> RECORDS TO USE:
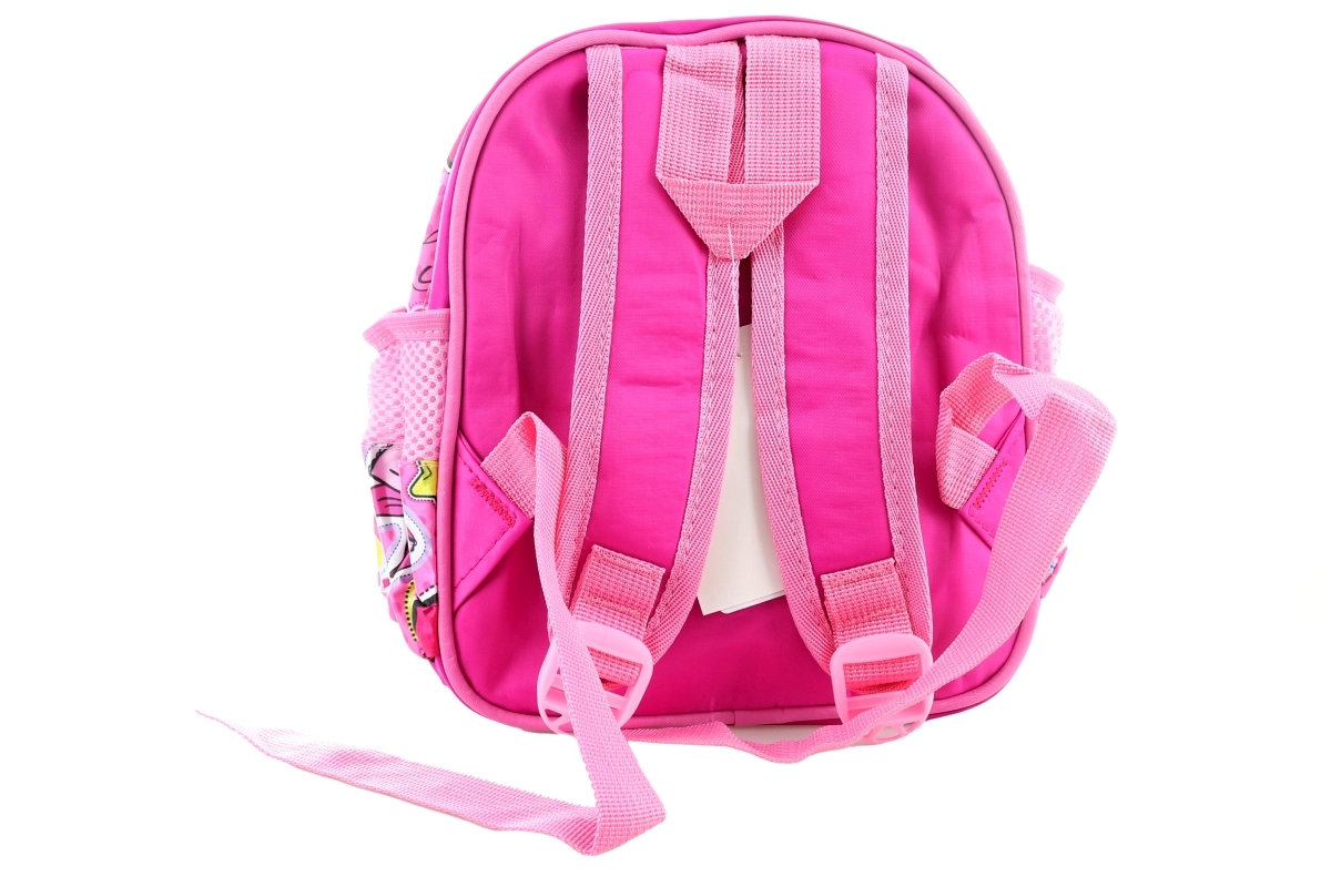 Wygodę zapewniają wyściełane i regulowane szelki oraz górny uchwyt do łatwego przenoszenia. Boczne kieszenie z siatki dobrze trzymają butelkę z napojem lub drobne akcesoria. Kompaktowe wymiary 22 × 25 × 8 cm są idealne dla młodszych dzieci. Produkt nie jest zabawką.
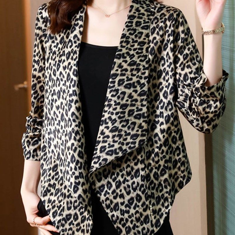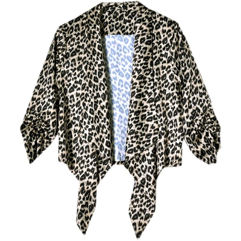 2022年新款薄款防晒短外套女士夏季豹纹上衣小披肩配裙子外搭开衫
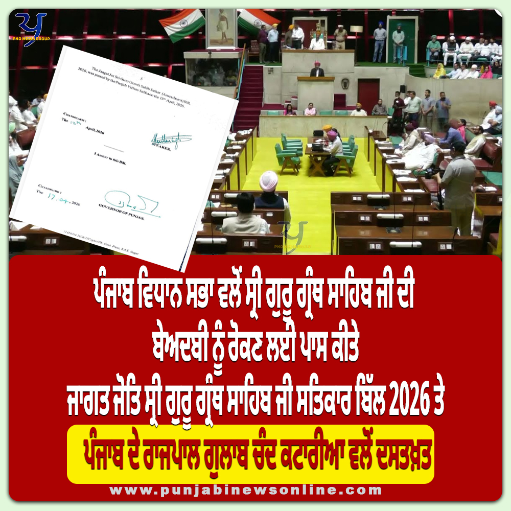 ਪੰਜਾਬ ਦੇ ਰਾਜਪਾਲ ਗੁਲਾਬ ਚੰਦ ਕਟਾਰੀਆ ਨੇ ਪੰਜਾਬ ਵਿਧਾਨ ਸਭਾ ਵਿੱਚ ਪਾਸ ਕੀਤੇ ਗਏ ‘ਜਾਗਤ ਜੋਤ ਸ੍ਰੀ ਗੁਰੂ ਗ੍ਰੰਥ ਸਾਹਿਬ ਸਤਿਕਾਰ ਬਿੱਲ 2026’ ਨੂੰ ਪ੍ਰਵਾਨਗੀ ਦੇ ਦਿੱਤੀ ਹੈ। ਹੁਣ ਇਹ ਬਿੱਲ ਕਾਨੂੰਨ ਬਣ ਗਿਆ ਹੈ। ਇਹ ਬਿੱਲ 13 ਅਪਰੈਲ ਨੂੰ ਵਿਸਾਖੀ ਵਾਲੇ ਦਿਨ ਪੰਜਾਬ ਵਿਧਾਨ ਸਭਾ ਵਿੱਚ ਸਰਬਸੰਮਤੀ ਨਾਲ ਪਾਸ ਕੀਤਾ ਗਿਆ ਸੀ।
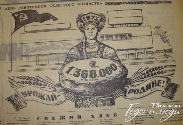 (…) Нынче, в 1973-м, колхозы и совхозы области собрали по 24,5 центнера зерна с гектара и 13 октября продали государству 1 миллион 368 тысяч тонн хлеба. А в ближайшие дни будут завершены повышенные социалистические обязательства и количество сданного государству хлеба достигнет 1 миллиона 470 тысяч тонн.
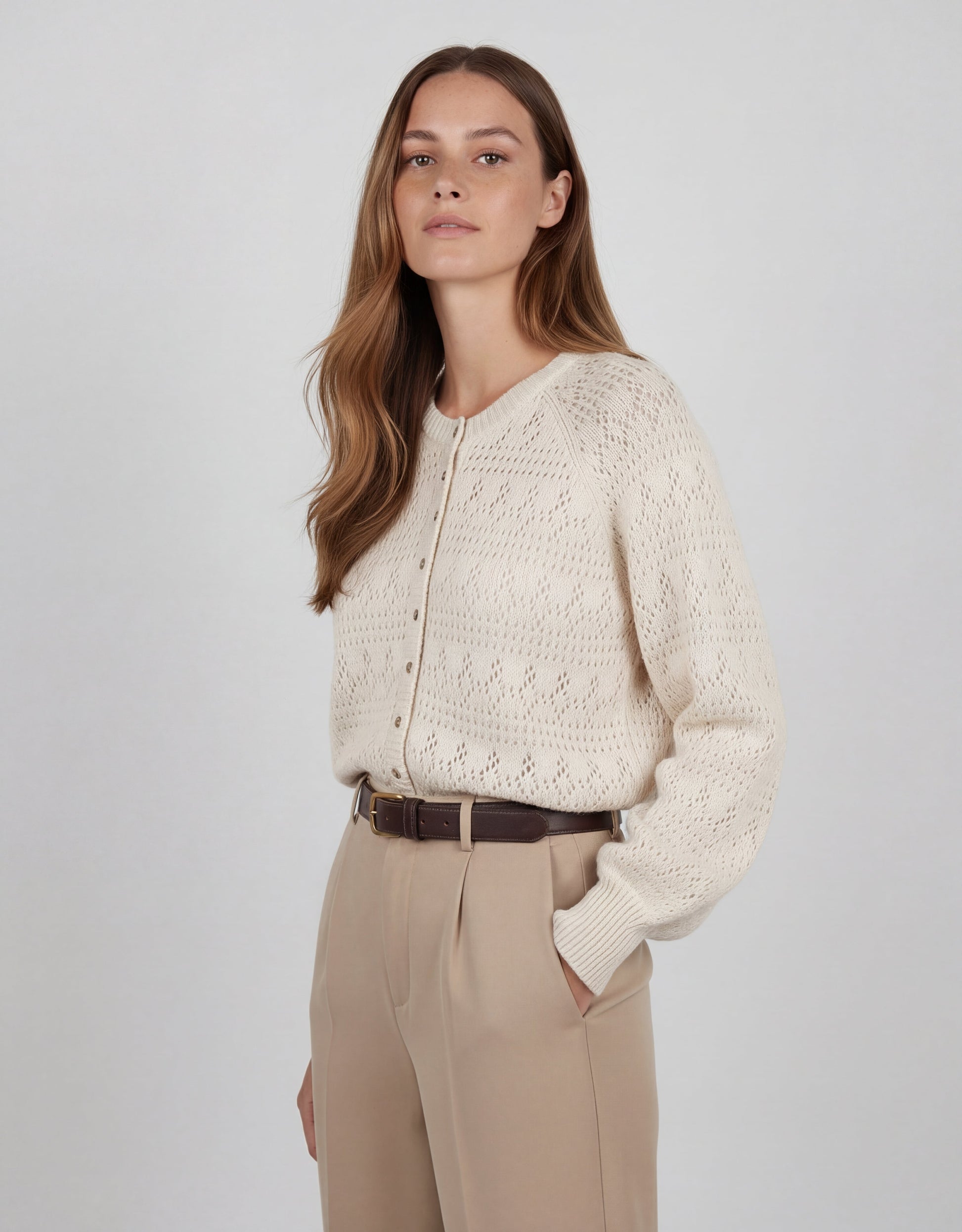 Cardigan blanc Sézane en taille XS/34, confectionné dans une maille ajourée élégante à boutons. Sa matière en tricot ajouré lui confère une allure légère et raffinée, tandis que ses boutons nacrés apportent une touche de sophistication qui le distingue. Parfait pour une soirée printanière, sur une robe légère ou un jean taille haute.
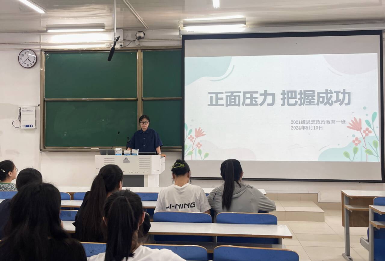 为全面贯彻党的教育方针,推进素质教育,促进学生的思想品德素质和心理健康成长,5月10日下午,小说狂人 2021级思想政治教育一班在社科楼514教室召开“正面压力,把握成功”心理班会。2021级思想政治教育一班全体学生参加此次班会。班会由心理委员黄小妍主持。

> BRIEF: Given the records above, return the lines starting at the one that holds "2022年新款薄款防晒短外套女士夏季豹纹上衣小披肩配裙子外搭开衫" and ending at the one that holds "ਪੰਜਾਬ ਦੇ ਰਾਜਪਾਲ", exactly, and nothing besides; leave every picture out.

> WRITTEN SOLUTION:
 2022年新款薄款防晒短外套女士夏季豹纹上衣小披肩配裙子外搭开衫
 ਪੰਜਾਬ ਦੇ ਰਾਜਪਾਲ ਗੁਲਾਬ ਚੰਦ ਕਟਾਰੀਆ ਨੇ ਪੰਜਾਬ ਵਿਧਾਨ ਸਭਾ ਵਿੱਚ ਪਾਸ ਕੀਤੇ ਗਏ ‘ਜਾਗਤ ਜੋਤ ਸ੍ਰੀ ਗੁਰੂ ਗ੍ਰੰਥ ਸਾਹਿਬ ਸਤਿਕਾਰ ਬਿੱਲ 2026’ ਨੂੰ ਪ੍ਰਵਾਨਗੀ ਦੇ ਦਿੱਤੀ ਹੈ। ਹੁਣ ਇਹ ਬਿੱਲ ਕਾਨੂੰਨ ਬਣ ਗਿਆ ਹੈ। ਇਹ ਬਿੱਲ 13 ਅਪਰੈਲ ਨੂੰ ਵਿਸਾਖੀ ਵਾਲੇ ਦਿਨ ਪੰਜਾਬ ਵਿਧਾਨ ਸਭਾ ਵਿੱਚ ਸਰਬਸੰਮਤੀ ਨਾਲ ਪਾਸ ਕੀਤਾ ਗਿਆ ਸੀ।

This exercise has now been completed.